**Information supplied**
######

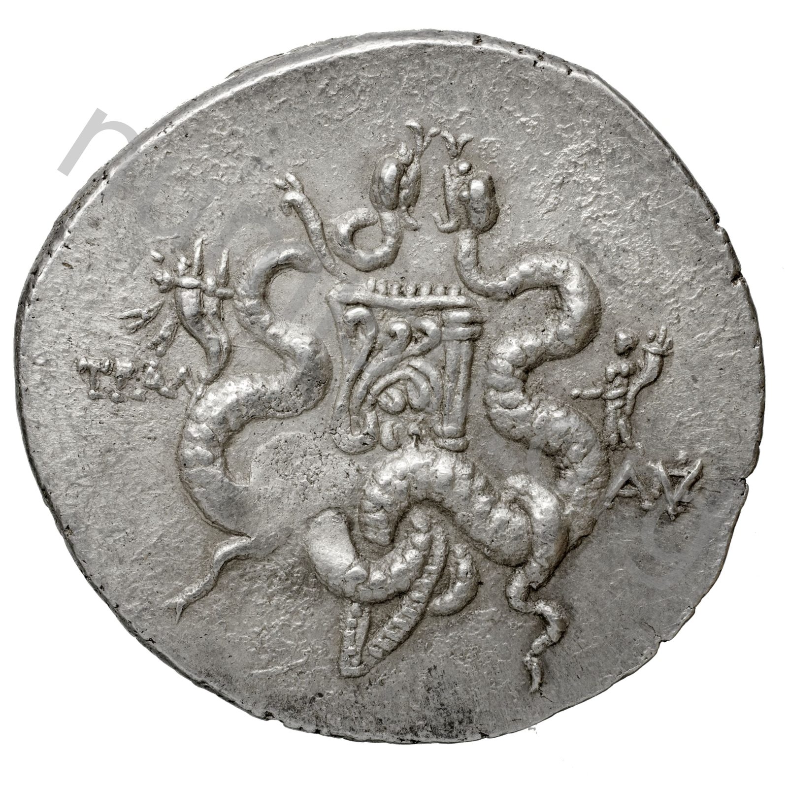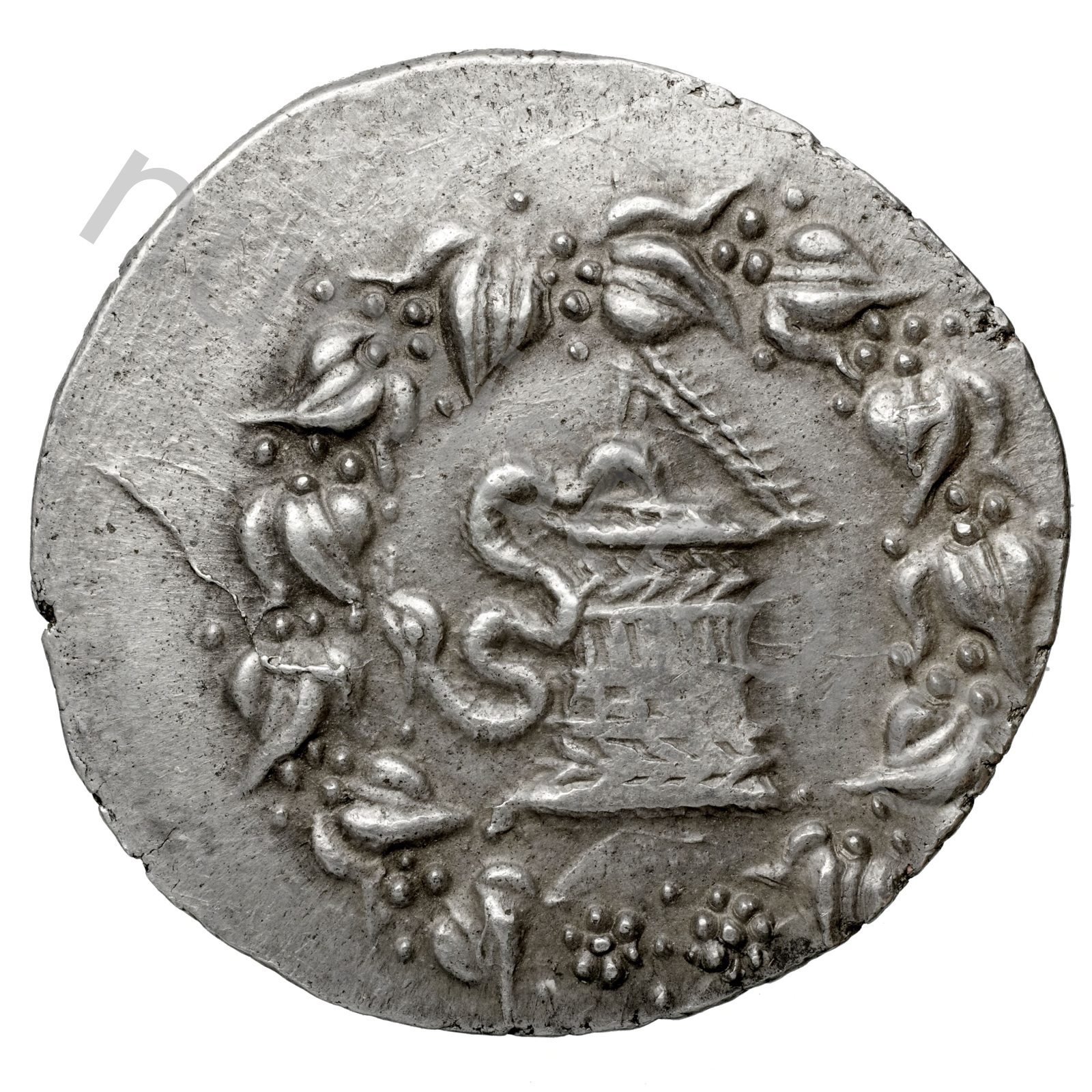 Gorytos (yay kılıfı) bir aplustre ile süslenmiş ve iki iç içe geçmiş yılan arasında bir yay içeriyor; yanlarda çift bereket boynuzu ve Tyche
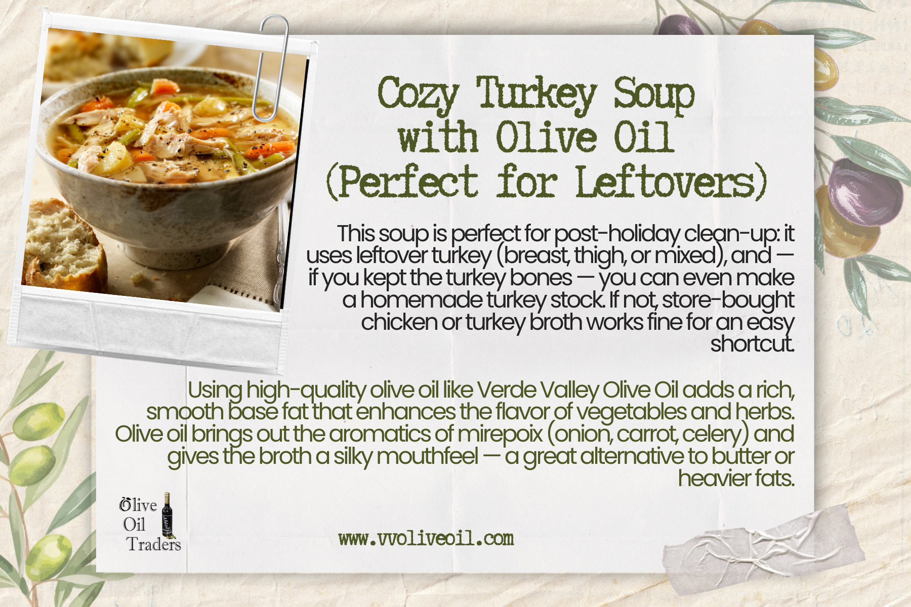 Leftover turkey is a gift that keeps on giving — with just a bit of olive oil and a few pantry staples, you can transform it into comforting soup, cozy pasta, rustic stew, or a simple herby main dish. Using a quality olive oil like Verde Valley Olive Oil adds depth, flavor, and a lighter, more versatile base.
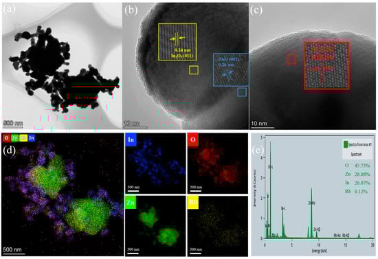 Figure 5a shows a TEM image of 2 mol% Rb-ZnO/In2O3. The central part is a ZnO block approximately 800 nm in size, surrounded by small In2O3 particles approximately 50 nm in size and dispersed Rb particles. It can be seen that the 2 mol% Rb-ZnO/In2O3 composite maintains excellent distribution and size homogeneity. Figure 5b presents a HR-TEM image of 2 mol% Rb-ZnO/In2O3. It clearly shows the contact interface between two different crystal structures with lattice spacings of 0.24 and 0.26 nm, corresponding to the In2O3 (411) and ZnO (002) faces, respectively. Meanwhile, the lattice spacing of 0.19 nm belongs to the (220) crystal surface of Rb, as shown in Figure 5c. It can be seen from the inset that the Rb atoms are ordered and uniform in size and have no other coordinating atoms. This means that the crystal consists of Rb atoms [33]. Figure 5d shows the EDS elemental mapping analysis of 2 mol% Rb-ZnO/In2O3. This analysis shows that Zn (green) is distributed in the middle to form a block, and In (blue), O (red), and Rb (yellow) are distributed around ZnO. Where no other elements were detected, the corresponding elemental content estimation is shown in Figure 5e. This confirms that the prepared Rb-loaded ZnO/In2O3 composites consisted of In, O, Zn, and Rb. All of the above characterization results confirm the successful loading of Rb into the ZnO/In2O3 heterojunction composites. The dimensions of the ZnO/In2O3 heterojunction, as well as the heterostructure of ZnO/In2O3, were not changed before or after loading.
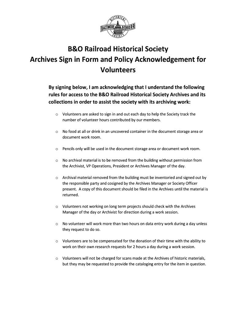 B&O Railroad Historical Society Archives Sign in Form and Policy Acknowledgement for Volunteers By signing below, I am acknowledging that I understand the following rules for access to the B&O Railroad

######

**Work to be completed**
Write out the full listing verbatim, excluding its pictures.

**Output below**
 Gorytos (yay kılıfı) bir aplustre ile süslenmiş ve iki iç içe geçmiş yılan arasında bir yay içeriyor; yanlarda çift bereket boynuzu ve Tyche
 Leftover turkey is a gift that keeps on giving — with just a bit of olive oil and a few pantry staples, you can transform it into comforting soup, cozy pasta, rustic stew, or a simple herby main dish. Using a quality olive oil like Verde Valley Olive Oil adds depth, flavor, and a lighter, more versatile base.
 Figure 5a shows a TEM image of 2 mol% Rb-ZnO/In2O3. The central part is a ZnO block approximately 800 nm in size, surrounded by small In2O3 particles approximately 50 nm in size and dispersed Rb particles. It can be seen that the 2 mol% Rb-ZnO/In2O3 composite maintains excellent distribution and size homogeneity. Figure 5b presents a HR-TEM image of 2 mol% Rb-ZnO/In2O3. It clearly shows the contact interface between two different crystal structures with lattice spacings of 0.24 and 0.26 nm, corresponding to the In2O3 (411) and ZnO (002) faces, respectively. Meanwhile, the lattice spacing of 0.19 nm belongs to the (220) crystal surface of Rb, as shown in Figure 5c. It can be seen from the inset that the Rb atoms are ordered and uniform in size and have no other coordinating atoms. This means that the crystal consists of Rb atoms [33]. Figure 5d shows the EDS elemental mapping analysis of 2 mol% Rb-ZnO/In2O3. This analysis shows that Zn (green) is distributed in the middle to form a block, and In (blue), O (red), and Rb (yellow) are distributed around ZnO. Where no other elements were detected, the corresponding elemental content estimation is shown in Figure 5e. This confirms that the prepared Rb-loaded ZnO/In2O3 composites consisted of In, O, Zn, and Rb. All of the above characterization results confirm the successful loading of Rb into the ZnO/In2O3 heterojunction composites. The dimensions of the ZnO/In2O3 heterojunction, as well as the heterostructure of ZnO/In2O3, were not changed before or after loading.
 B&O Railroad Historical Society Archives Sign in Form and Policy Acknowledgement for Volunteers By signing below, I am acknowledging that I understand the following rules for access to the B&O Railroad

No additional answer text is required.